Трещев Юрий - Жертва Любви
Ю.ТРЕЩЕВ
ЖЕРТВА ЛЮБВИ
За окном шел дождь. Остров и излучина реки лишь смутно угадывались, укрытые зеленовато-серой пеленой мороси. Взгляд Марии скользнул по полустертому фасаду речного вокзала, поднялся чуть выше, обогнул гнилой пруд, болотистую низину с горбатым мостиком, перебежал унылый дворик и остановился на обшарпанном венском стуле, стоящем на террасе, ножки которого утопали в ворохе мертвых листьев. Накинув на голые плечи плед, Мария включила радио. Передавали последние известия, не очень утешительные. Она убавила громкость и заглянула в детскую комнату. Аркадий распеленался и сучил ножками, как будто карабкался по нескончаемой лестнице, стоящей на земле и касающейся неба, как во сне Иакова, сына Исаака и Ревекки, внука Авраама, родоначальника 12 колен Израиля. Мария стала пеленать сына, и вдруг он залепетал что-то на языке ее родителей. Мария невольно отступила. Она ни слова не смогла ему сказать, лишь умильно улыбалась. И ведь ничего особенного не произошло, у младенцев есть способность объясняться на любом языке. Они, как музыкальный инструмент, на котором играет Дух Божий...

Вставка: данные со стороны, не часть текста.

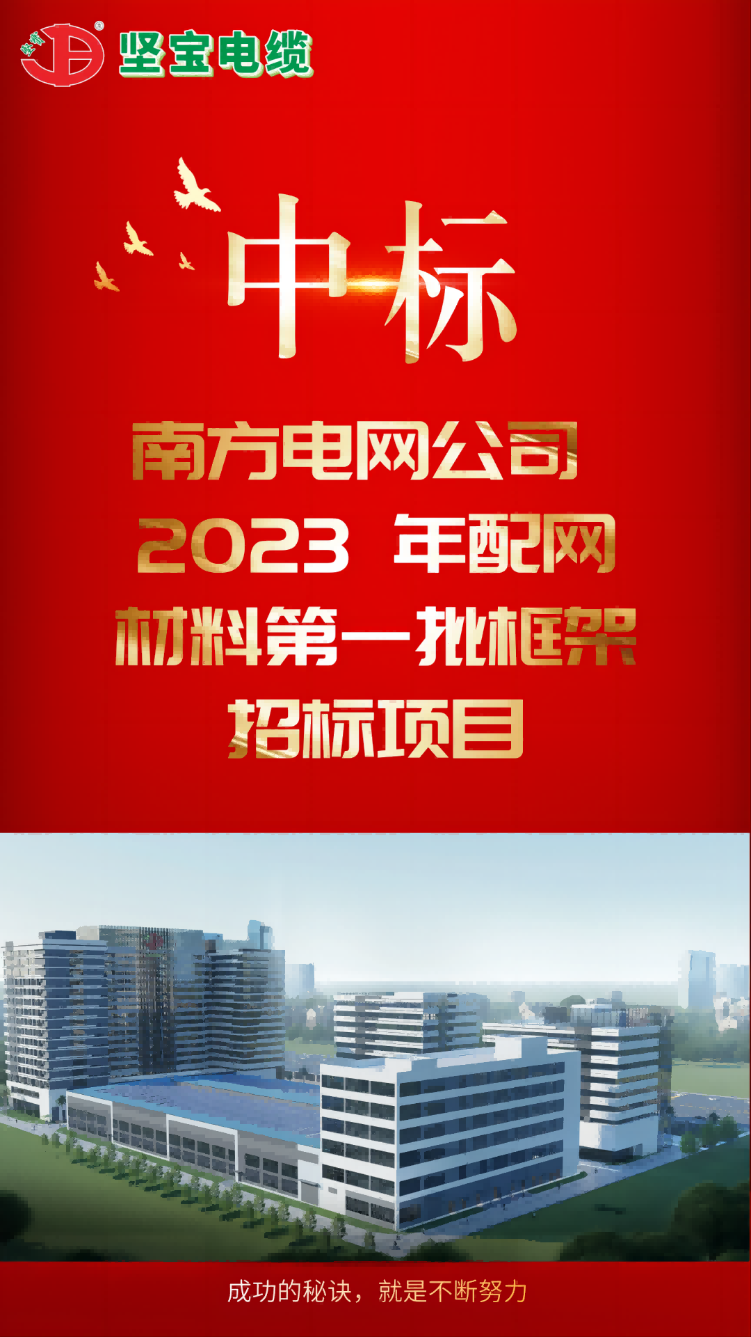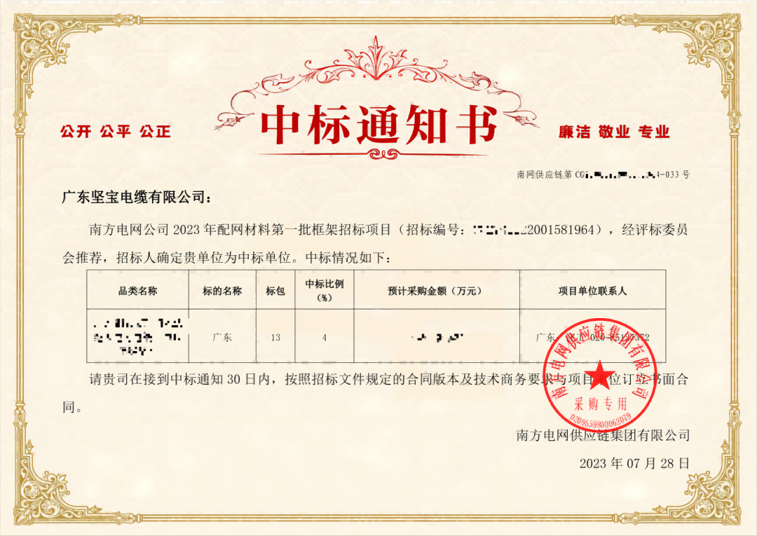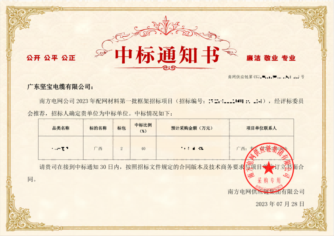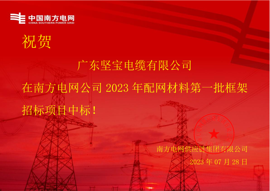 朝夕必争 全力以赴客户至上 使命必达近日91看片下载电缆再传捷报凭着过硬的实力获得客户肯定中标南方电网公司 2023 年配网材料第一批框架招标项目!

Родители Марии, евреи, умерли в ссылке, не устроив ей будущего. Дядя Август в тайне от всех взял на себя ее содержание и воспитание. Он научил ее скучать, держать прямо спину и штопать носки. Судья в отставке, он был просто копией отца Марии, но попроще, не избалованный вниманием и славой. Всю жизнь он проработал судьей, хотя мечтал стать писателем, как брат, который только и жил, чтобы писать, и от которого после смерти не осталось ни книг, ни даже могилы. По ночам, когда дядю Августа мучила бессонница, он писал одноактные пьески с тремя или четырьмя персонажами и всегда с плохим концом, материал для которых брал из судебных архивов. Писал он просто, без особой выдумки, раздувая мелкие происшествия до размеров трагедии. Свои пьески он ставил в клубе для узкого круга знакомых и дев пенсионного возраста с усталыми глазами и скрюченными артритом пальцами. Девы смеялись и кусали губы. Он возвращал им воспоминания. Собирались они по пятницам на чердаке бывшего дома губернатора, приспособленного под дом культуры. Ничего другого им жизнь не оставила, кроме старости и этих собраний на седьмом небе, куда они добирались на жутко скрипящем подъемнике.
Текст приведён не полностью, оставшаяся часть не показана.